Governor of Georgia
- In office 1752–1754
- Monarch: George II
- Preceded by: Henry Parker
- Succeeded by: John Reynolds

Personal details
- Died: May 30, 1755
- Spouse: Ann Cuthbert (m. 1740)
- Profession: Surgeon, planter, governor

= Patrick Graham (governor) =

Colonial Governor of the state of Georgia (died 1755)

Patrick Graham (died May 30, 1755) was the last proprietary governor of the Province of Georgia, serving from 1752 until 1754.

==Biography==
Patrick Graham was originally a surgeon by trade but did not practice much after arriving in Georgia. Graham was in a medical capacity, however, when he recommended to Ann Cuthbert that the cure to her high fever was to marry him. Mrs. Cuthbert and Graham were married in 1740 on the plantation of her deceased brother, John Cuthbert. Graham took control of John's plantation that Ann inherited after he died and continued to cultivate it with silkworms, giving it the name Mulberry Grove. When the ban on slavery was lifted in Georgia, Graham began to primarily grow rice using enslaved laborers. The plantation would later be owned by Major General Nathanael Greene, and was the location where Eli Whitney invented the cotton gin.

In 1745, Graham was appointed to a council with two other future colonial governors of Georgia: William Stephens and Henry Parker. Following the death of Henry Parker as governor in 1752, Graham became the third and final proprietary governor of Georgia.
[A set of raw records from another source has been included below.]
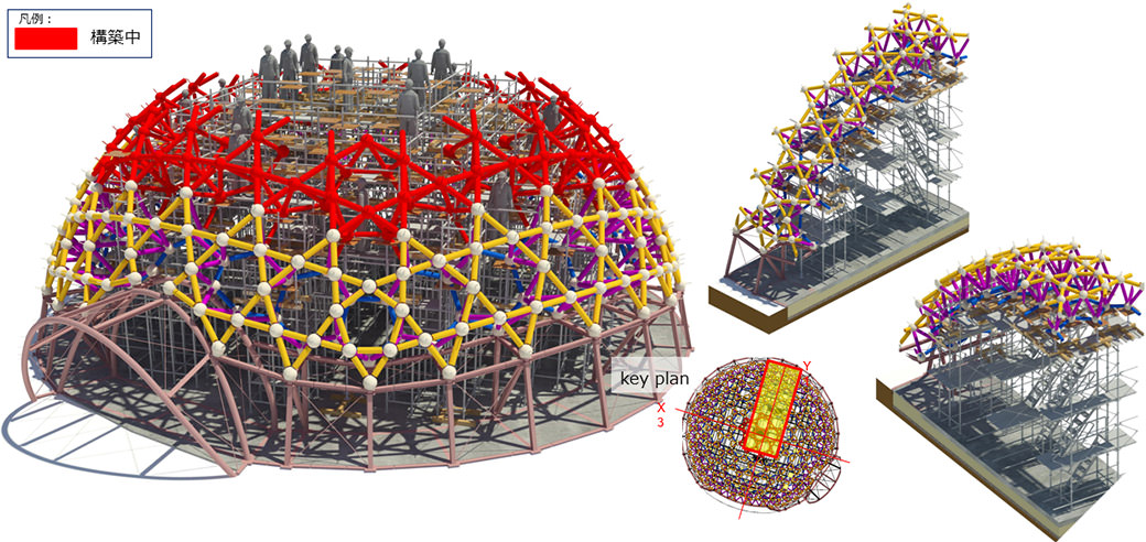 施工現場では、球体構造という極めて複雑な形状に対応するため、精度の高い品質管理が求められました。
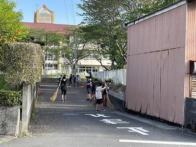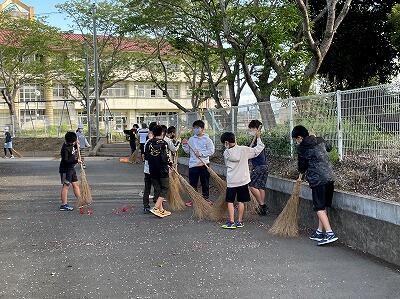 4月15日(金)朝から6年生がボランティアでの朝の清掃活動をがんばっています。4月初めまできれいに咲いていた桜の花びらが道路に散ってしまったのを、南門の外まで出てきて、きれいに掃いてくれました。それから、運動場に落ちていたペットボトルのごみなどを拾ってくれた児童もいました。11日(月)のボランティアの授業をもとに、6年生が学校のいろいろなところに目を向けて、自分たちができることをしてくれています。さすがです!
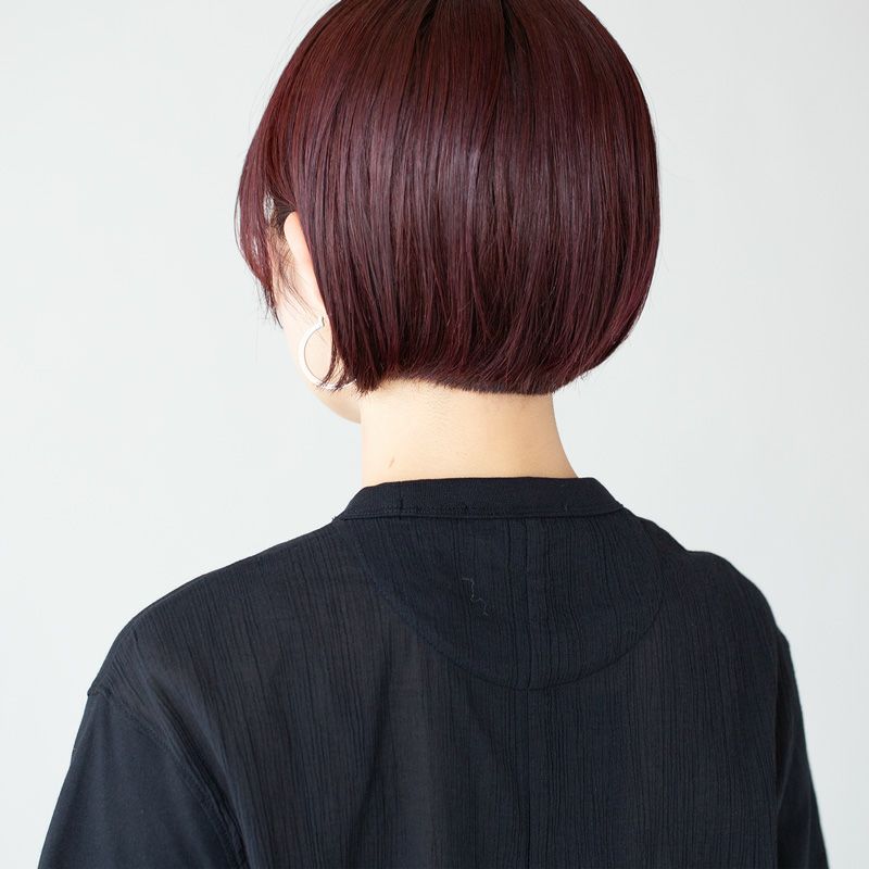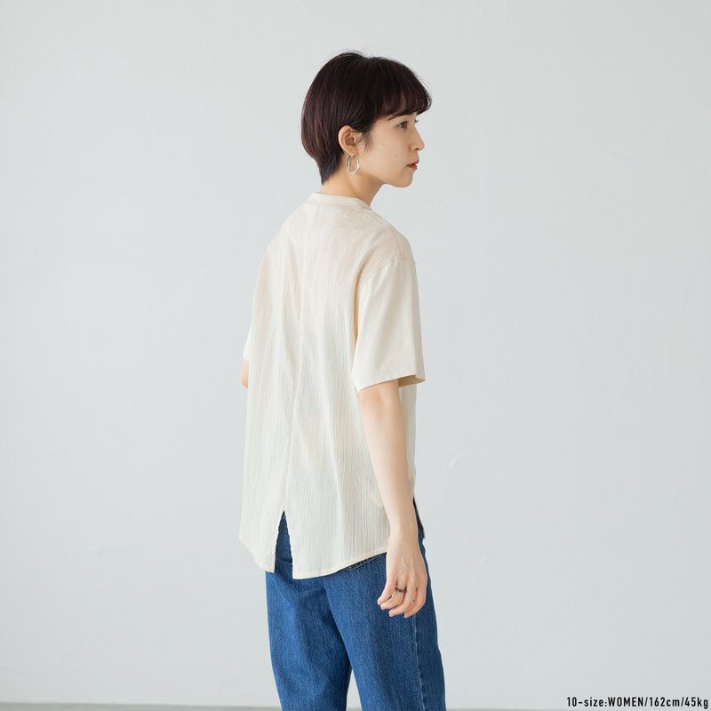 前身頃はTシャツ生地、背中はシボ感のあるシアー生地をドッキングしたカットソーです。
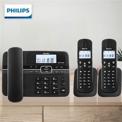 飞利浦DCTG188数字无绳电话机办公家用座机电话子母机免提/一键拨号/一拖二(黑色)HWDCD9889(188)TSD |

The British parliament had already decided to make Georgia a royal colony governed by a royal governor, so Graham acted as a temporary leader until the royal governor could be selected. While serving as governor, Graham planned a settlement in Hardwick, Bryan County, Georgia named Georgetown in honor of reining monarch George II.

In 1754, Royal Navy officer John Reynolds became royal governor of Georgia, and Graham was appointed as head advisor of the King’s Council with nine other members. Graham continued to serve on that council until his death on May 30, 1755. He left most of his property to his family in Scotland and to Mrs. Cuthbert.